* [What you should do] Extract the lines up to and including the one that contains "为深入学习贯彻习近平新时代中", starting with the first line of the entries below, and omit the pictures.

Recorded information below:

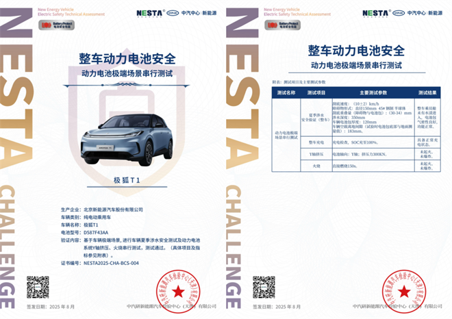 T1的極光電池安全同樣“卷到極致”,延續極狐一貫的電池安全高標準,T1所采用的極光電池全面通過了新國標17項系統測試和6項關鍵測試,在“不起火、不爆炸”的基礎上,“超綱”實現“無熱擴散”,并且提前了一年。在中汽研主導的動力電池極端場景串行測試中,極狐T1成功完成350mm水下刮底、500m顛簸,300kN極限擠壓,150s極限火燒三大挑戰,成為首批獲得動力電池新國標認證的汽車。
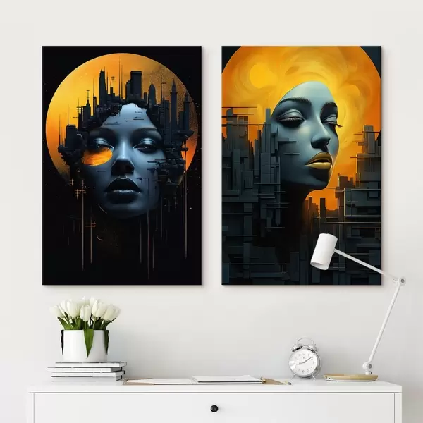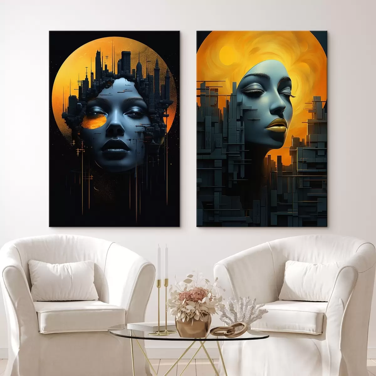 Cuadros Retrato de niña sobre fondo abstracto de ciudad Nr m00618
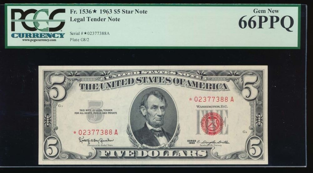 One 1963 $5 Legal Tender Star Note PCGS 66PPQ.
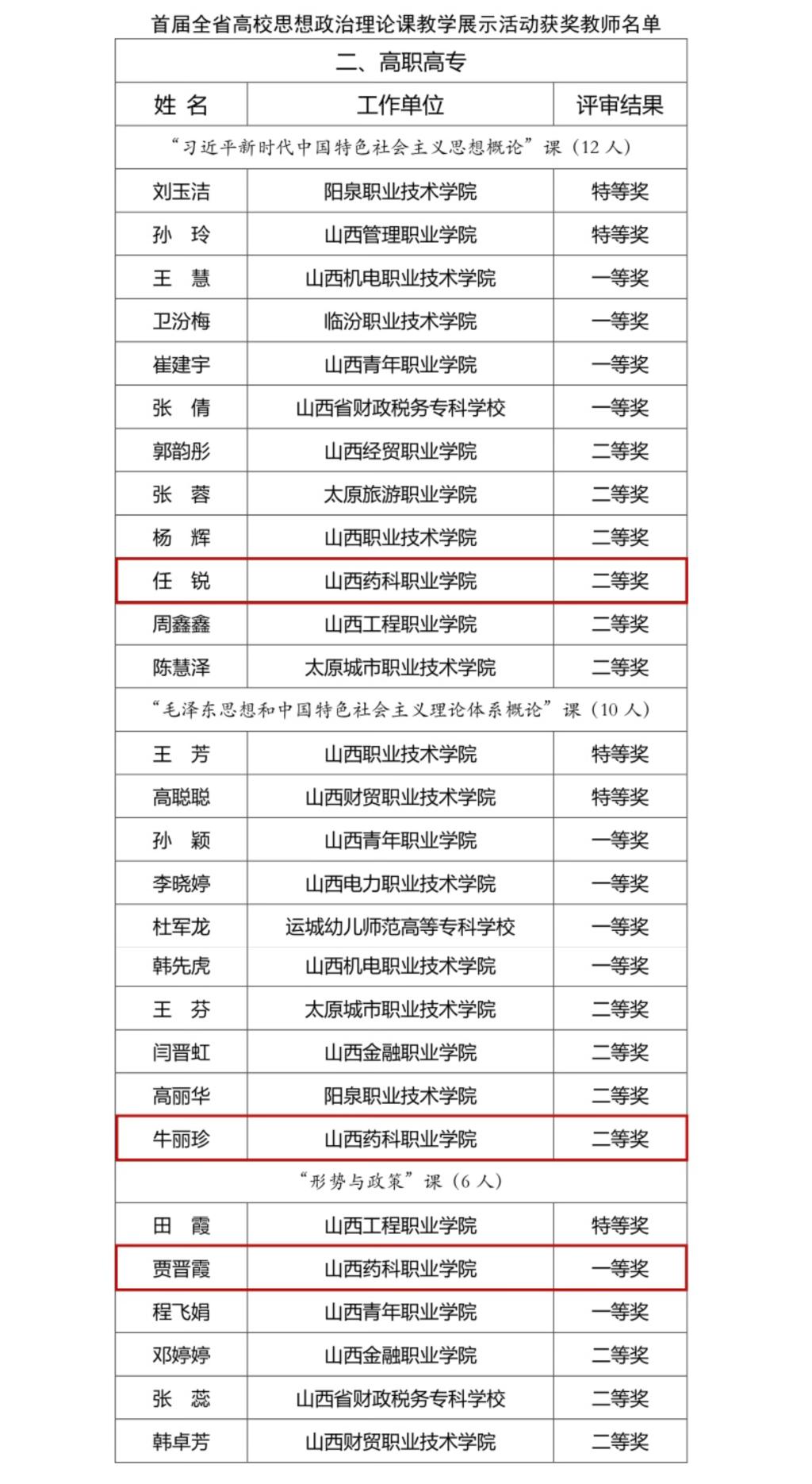 为深入学习贯彻习近平新时代中国特色社会主义思想和党的二十大精神,深化高校思政课改革创新,近日,山西省教育厅举办了首届全省高校思想政治理论课教学展示活动,经各高校推荐申报、专家初评、现场教学展示评审、结果公示等环节,beat365思政部教师贾晋霞获“形势与政策”课一等奖、任锐获“习近平新时代中国特色社会主义思想概论”课二等奖、牛丽珍获 “毛泽东思想和中国特色社会主义理论体系概论”课二等奖。
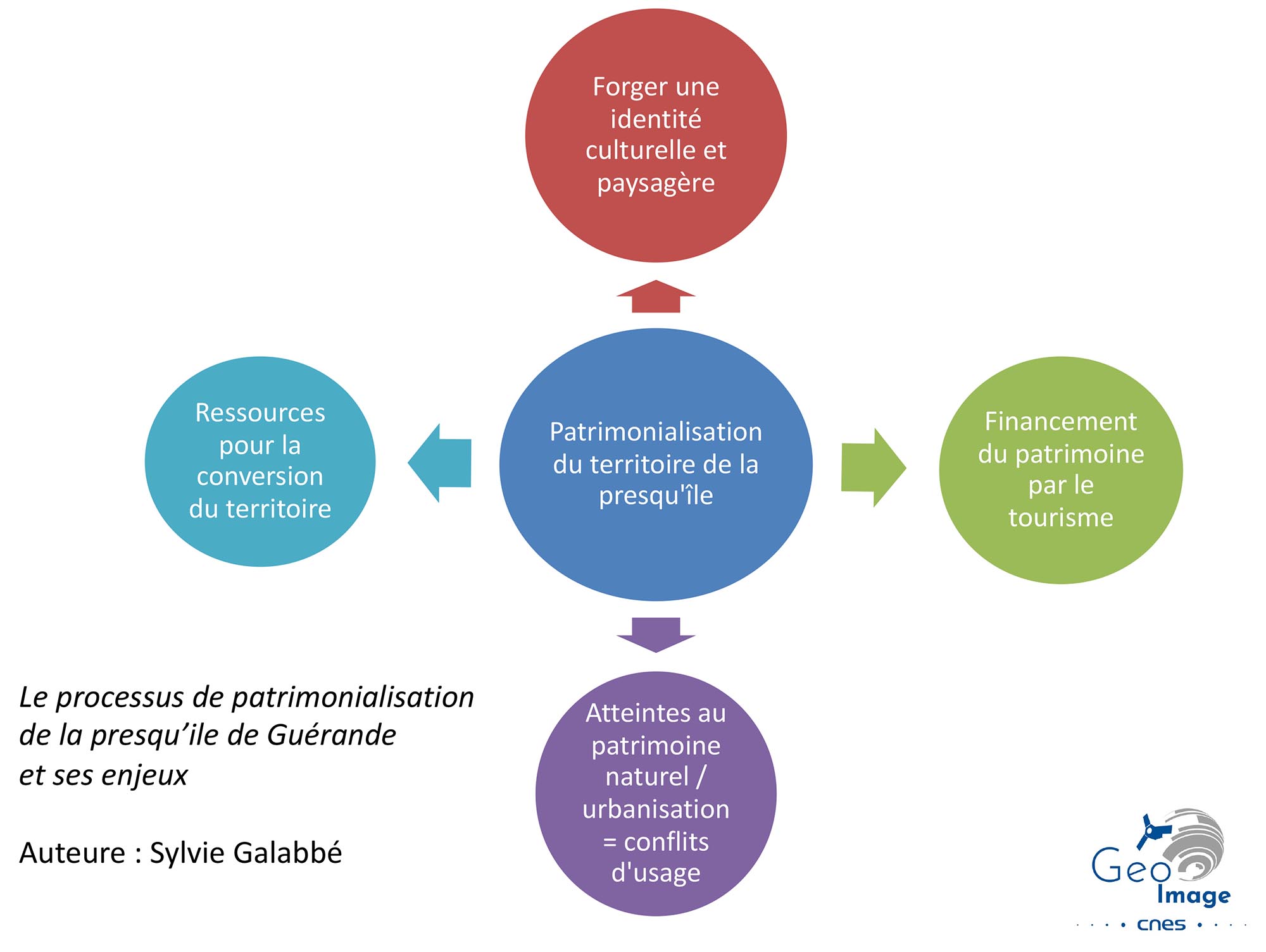 Depuis le XXème siècle et surtout aujourd’hui, la presqu’ile guérandaise est souvent assimilée à la baie de La Baule, aisément accessible en train et par la voie rapide. Depuis l’arrivée du chemin de fer et le développement du tourisme balnéaire au XIXème siècle, la mise en tourisme de ce territoire a été continue et prioritaire sur les autres activités économiques jugées moins rentables jusqu’à entrer en conflit avec ces dernières. Aujourd’hui, nous avons affaire à un espace urbain attractif tant à l’échelle locale (pour les nantais...), qu’à l’échelle nationale (les parisiens...) et internationale (britanniques…).
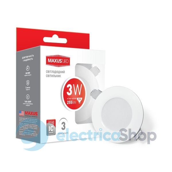 Світлодіодний точковий LED cвітильник SDL mini MAXUS 1-SDL-010-01 - чудова сучасна альтернатива традиційним точковим світильникам з люмінесцентною або галогенною лампою. Для підвищення надійності і стійкості до перепадів напруги в освітлювальному приладі використовується IC-драйвер нового покоління, який був спроектований на базі керуючої мікросхеми, розробленої для LED джерел. Завдяки високому рівню захисту від вологи (IP44), такий світильник можна встановити у ванній та інших приміщеннях з підвищеною вологістю. Підходить для підвісних стель будь-якого типа.
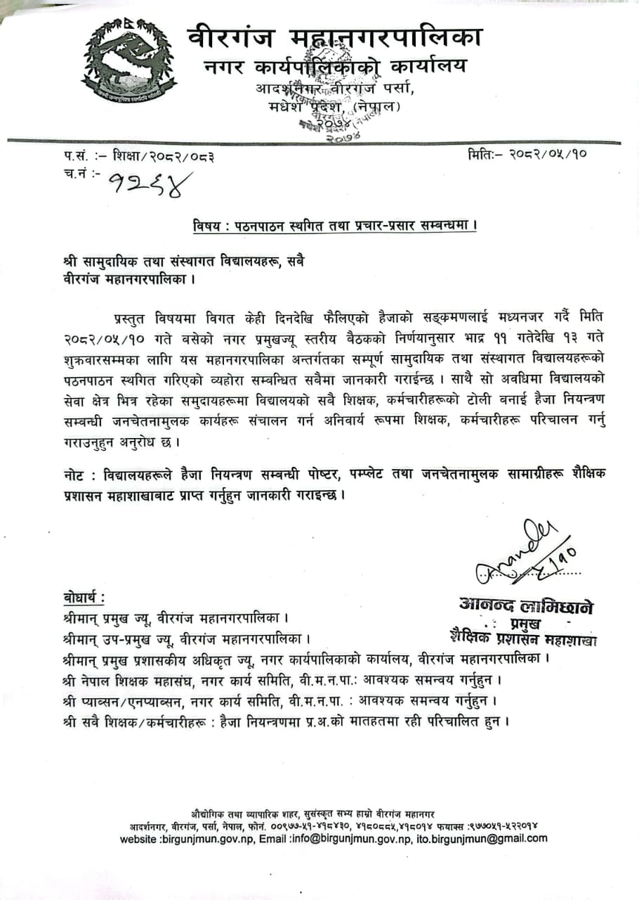 वीरगञ्ज । हालै फैलिएको हैजाको प्रकोपलाई ध्यानमा राख्दै वीरगञ्ज महानगरपालिकाले सामुदायिक र निजी विद्यालयहरू भदौ ११ गतेदेखि १३ गते (शुक्रबार) सम्म बन्द गर्ने निर्णय गरेको छ। मंगलबार तीज पर्वका कारण विद्यालय स्वतः बन्द हुने भएकाले महानगरले शुक्रवारसम्मका लागि पठनपाठन स्थगित गरिएको हो।
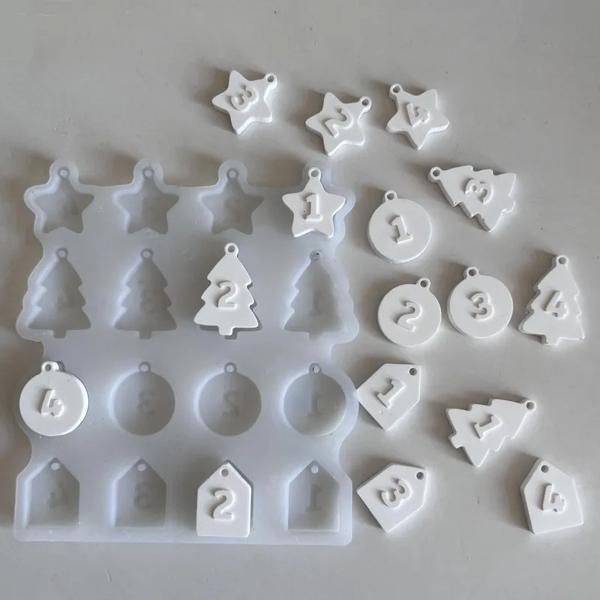 クリスマスアドベントペンダント型シリコン型、ハンギングタグ、キャスティングスター、ラウンド、ツリーハンギングプラスターモールド、番号1、2、3、4
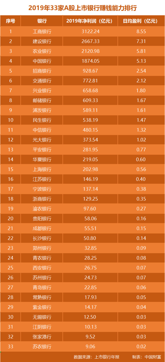 日均盈利超过1亿元的上市银行共有12家,包括6家国有大行与6家全国性股份制银行。不过,也有11家中小银行的日赚金额不足0.1亿元,其中,日均盈利最少的是苏农银行,仅为0.02亿元。由此可以看出,上市银行的盈利能力分化明显。
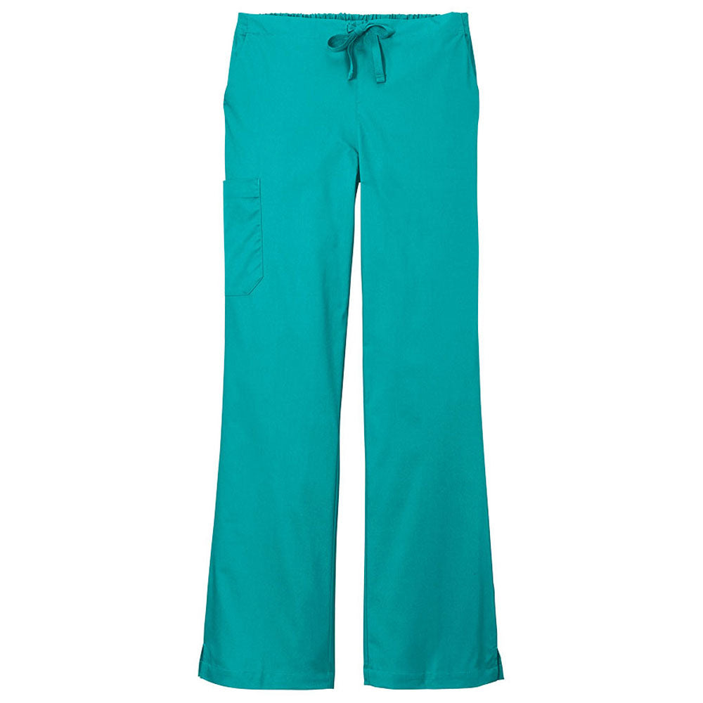 A slightly wider leg makes the WonderWink Women's Teal Blue WorkFlex Flare Leg Cargo Pant a comfortable option for the ladies on your team. Designed for healthcare professionals, they're made from a mechanical stretch fabric that is exceptionally easy to move in. Add your company's custom logo to create a stylish uniform look.
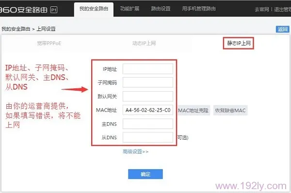 因此,請(qǐng)仔細(xì)核實(shí)在360路由器中填寫的IP地址、子網(wǎng)掩碼、網(wǎng)關(guān)、首選DNS、備選DNS是否正確。建議直接撥打運(yùn)營(yíng)商客服電話,向客服人員查詢靜態(tài)IP地址參數(shù)。
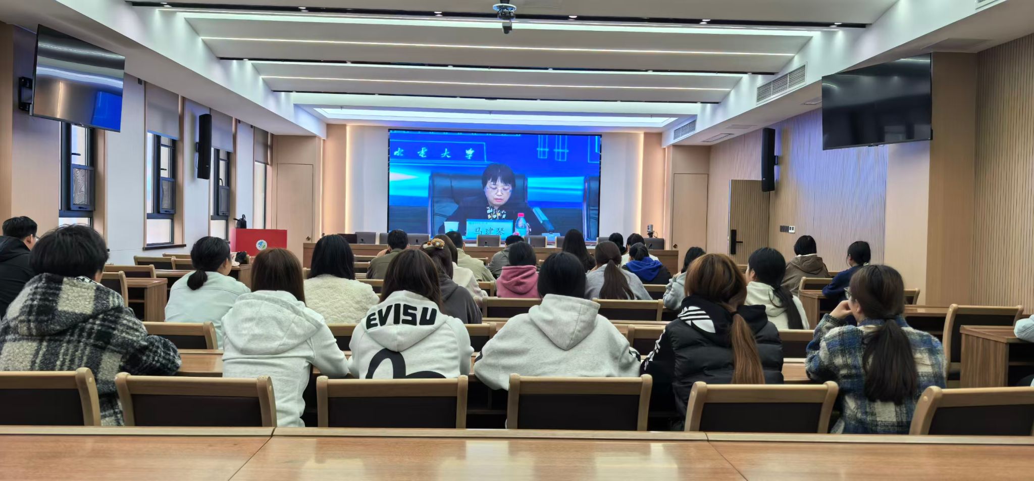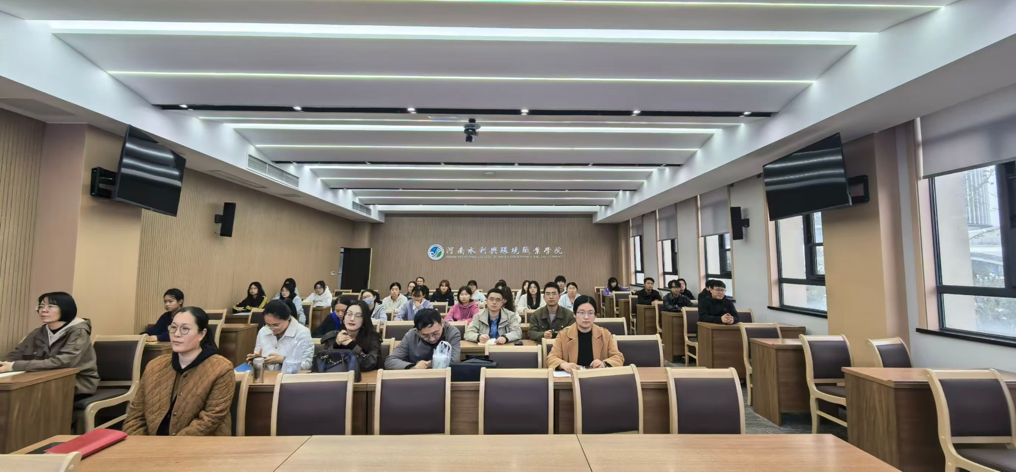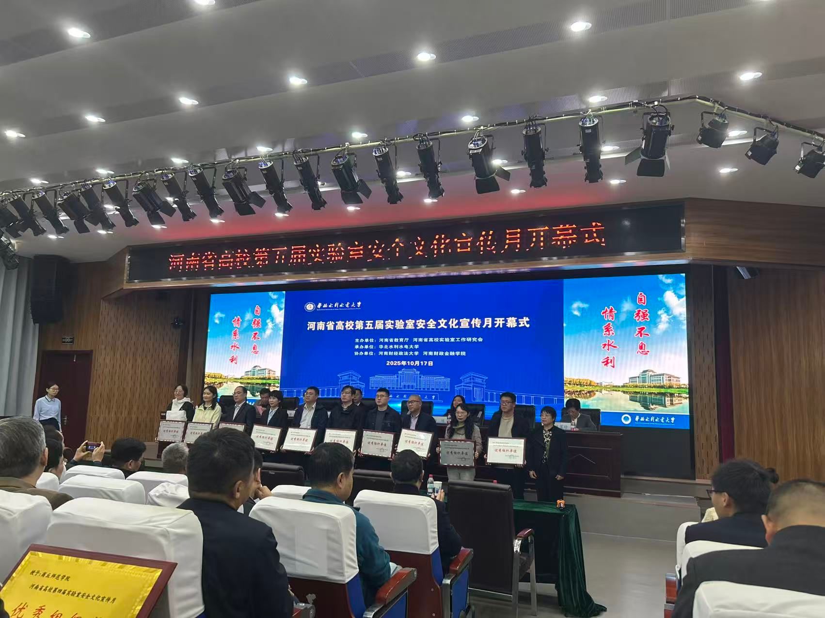 活动采用“线下主会场+线上同步直播”的模式,师生代表在航空港校区博学楼会议室集中收看,其余学生通过线上渠道同步参与。作为2024年全省高校实验室安全月和实验室安全知识与技能大赛两个“优秀组织奖”的获奖单位,学校派代表受邀前往开幕式现场华北水利水电大学(龙子湖校区)综合实验楼多功能报告厅领奖。
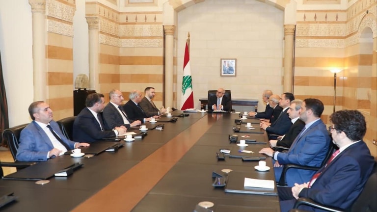 Salam discusses developments with Democratic Gathering delegation
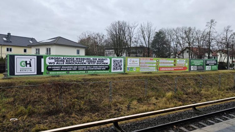 Die imposante Mega Riesen Außenwerbefläche von GHI Außenwerbung Berlin am Bahnhof Lichterfelde Süd misst 94,5 Meter Länge und 1,80 Meter Höhe und zählt zu den auffälligsten Bauzaunflächen der Region. Sie liegt exakt im Übergang zwischen Berlin und Brandenburg – ein Standort, der täglich tausende Menschen erreicht.

End of Recorded information.

* [Solution for this exercise]
 T1的極光電池安全同樣“卷到極致”,延續極狐一貫的電池安全高標準,T1所采用的極光電池全面通過了新國標17項系統測試和6項關鍵測試,在“不起火、不爆炸”的基礎上,“超綱”實現“無熱擴散”,并且提前了一年。在中汽研主導的動力電池極端場景串行測試中,極狐T1成功完成350mm水下刮底、500m顛簸,300kN極限擠壓,150s極限火燒三大挑戰,成為首批獲得動力電池新國標認證的汽車。
 Cuadros Retrato de niña sobre fondo abstracto de ciudad Nr m00618
 One 1963 $5 Legal Tender Star Note PCGS 66PPQ.
 为深入学习贯彻习近平新时代中国特色社会主义思想和党的二十大精神,深化高校思政课改革创新,近日,山西省教育厅举办了首届全省高校思想政治理论课教学展示活动,经各高校推荐申报、专家初评、现场教学展示评审、结果公示等环节,beat365思政部教师贾晋霞获“形势与政策”课一等奖、任锐获“习近平新时代中国特色社会主义思想概论”课二等奖、牛丽珍获 “毛泽东思想和中国特色社会主义理论体系概论”课二等奖。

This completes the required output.